## Data provided

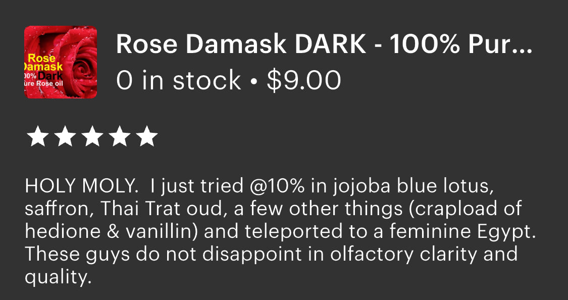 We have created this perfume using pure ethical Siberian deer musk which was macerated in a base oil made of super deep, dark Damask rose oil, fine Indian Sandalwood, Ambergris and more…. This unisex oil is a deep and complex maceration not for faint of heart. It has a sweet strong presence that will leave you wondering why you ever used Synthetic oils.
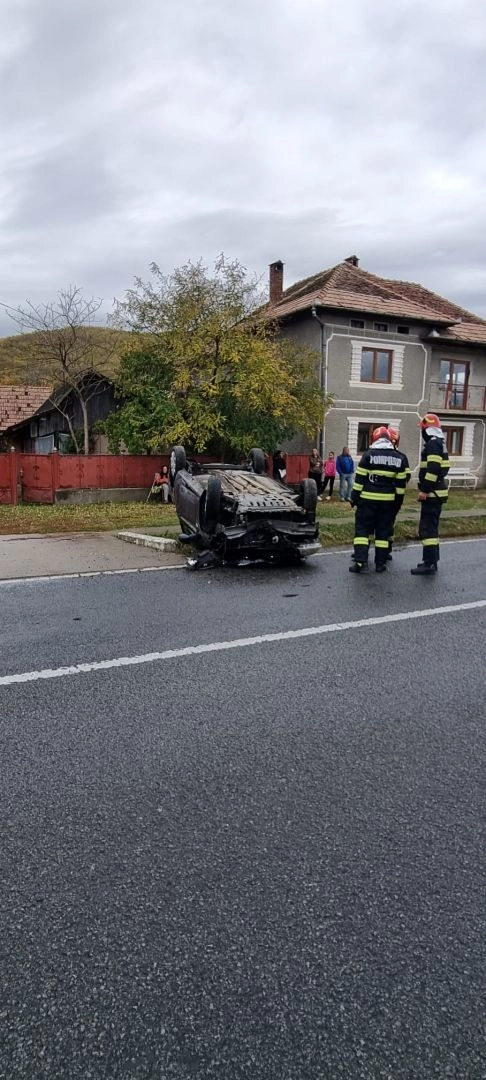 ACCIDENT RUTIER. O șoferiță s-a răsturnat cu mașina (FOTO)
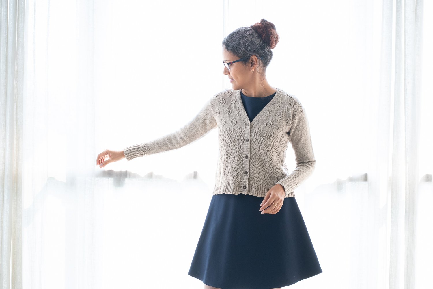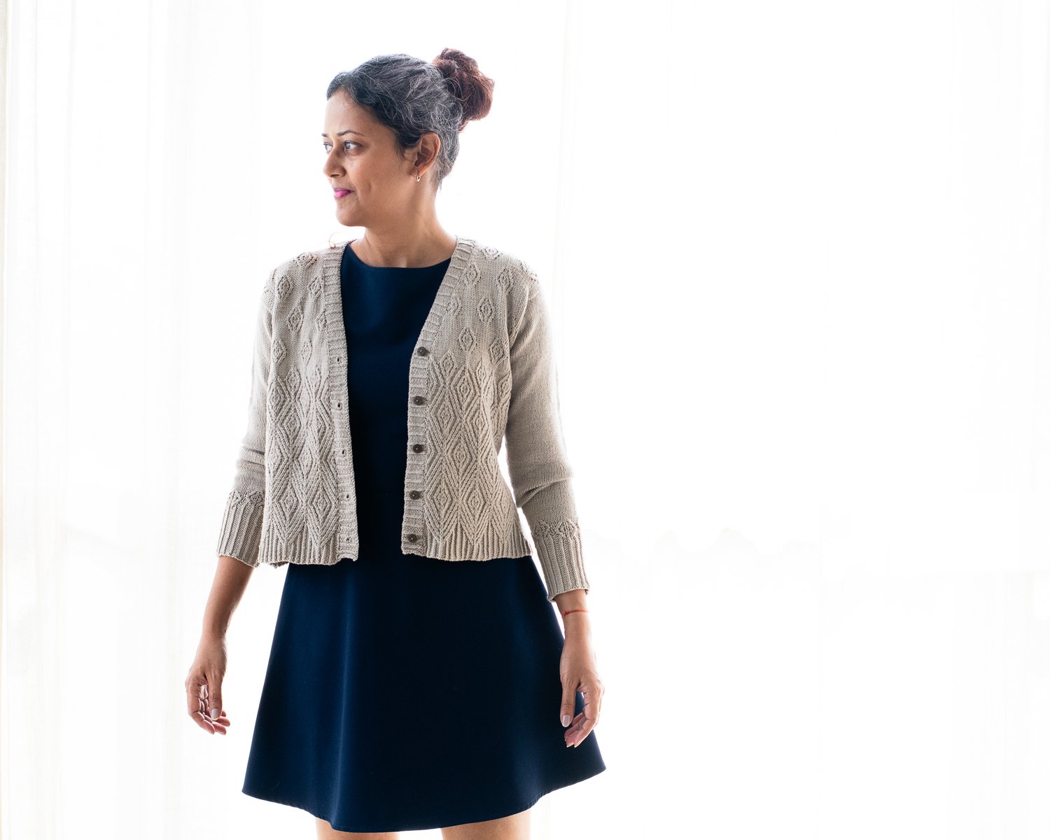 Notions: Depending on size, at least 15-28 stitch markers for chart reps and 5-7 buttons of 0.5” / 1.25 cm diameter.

## Your objective
Omitting all pictures, set the listing down exactly.

## Exercise output
 We have created this perfume using pure ethical Siberian deer musk which was macerated in a base oil made of super deep, dark Damask rose oil, fine Indian Sandalwood, Ambergris and more…. This unisex oil is a deep and complex maceration not for faint of heart. It has a sweet strong presence that will leave you wondering why you ever used Synthetic oils.
 ACCIDENT RUTIER. O șoferiță s-a răsturnat cu mașina (FOTO)
 Notions: Depending on size, at least 15-28 stitch markers for chart reps and 5-7 buttons of 0.5” / 1.25 cm diameter.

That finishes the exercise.